La documentazione di ogni adozione viene quindi inviata alla Commissione Adozioni Internazionali che ne verifica scrupolosamente la  conformità alle regole della Convenzione de L’ Aja del 1993 (che espressamente vieta il traffico dei minori ), ed emette l’autorizzazione all’ingresso e alla residenza permanente in Italia del minore adottato.

Compiuti questi passaggi si richiede il visto per l’ingresso nel Paese di accoglienza, rilasciato dalla corrispondente ambasciata a Kinshasa. Infine la Dgm concede ai minori adottati i permessi di uscita dalla Repubblica Democratica del Congo.
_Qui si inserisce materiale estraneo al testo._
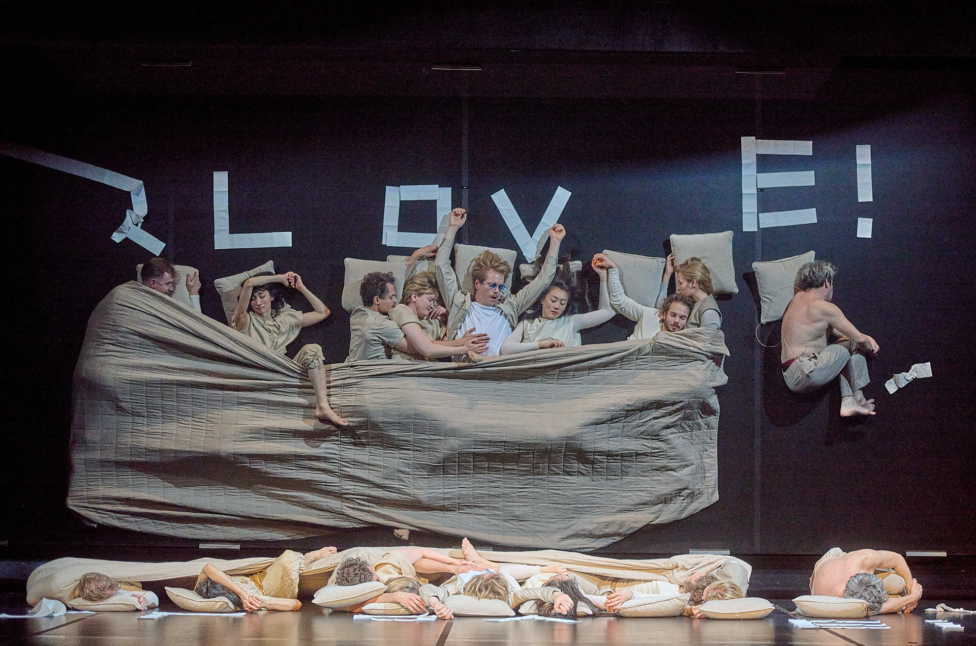 Of course, you can also ask about the relationship between lies and illusion or truth and reality, but then you simply have to call the end of the programme kitsch: To John Lennon's ‘Gimme some Truth’, the Berlin ensemble snuggled together under a large blanket and wrote the word ‘Love’ in capital letters across the scene.

Come è evidente, dunque, ogni fase della procedura prevede l’intervento e il controllo di enti pubblici che vigilano sulla regolarità di quanto compiuto da tutti i soggetti coinvolti. Azione, questa, tanto più efficace in quanto, nel succedersi delle varie fasi dell’iter, le autorità che intervengono sono molteplici e differenti, permettendo così un controllo incrociato.

Ebbene, per tutti i bambini congolesi adottati in Italia sono state seguite queste procedure, puntualmente verificate dalla Commissione Interministeriale.

Ora , il fatto stesso che tutti i minori congolesi adottati dalle coppie italiane abbiano lasciato il loro Paese di origine per raggiungere le loro famiglie adottive in Italia significa  che la Cai ha certificato per ogni bambino adottato  nel Paese africano la  conformità alle regole della Convenzione dell’Aja del 1993.

Affermare pertanto che vi sarebbero state delle irregolarità equivale a dire che le somme autorità – sia italiane che congolesi – le avrebbero taciute o avvallate. Ma questo appare decisamente singolare se si pensa al fatto che le procedure adottive nella Repubblica Democratica del Congo sono state oggetto di ulteriori ed eccezionali verifiche, tra il 22 novembre 2015 e i primi mesi del 2016, da parte di una speciale Commissione Interministeriale presso il Ministero degli Interni Congolese. Commissione per la cui costituzione l’Italia avrebbe avuto un ruolo determinante, come affermato dalla stessa vicepresidente della Cai Silvia Della Monica nel corso della sua audizione in commissione Giustizia della Camera dei Deputati lo scorso 12 ottobre.

Se qualcuno o perfino qualche  istituzione italiana, quindi, dovesse non credere a quanto certificato dalle autorità congolesi, delle due l’una: o le autorità straniere esistono e sono riconosciute valide oppure siano messe in discussione tutte le adozioni realizzate in questo Paese.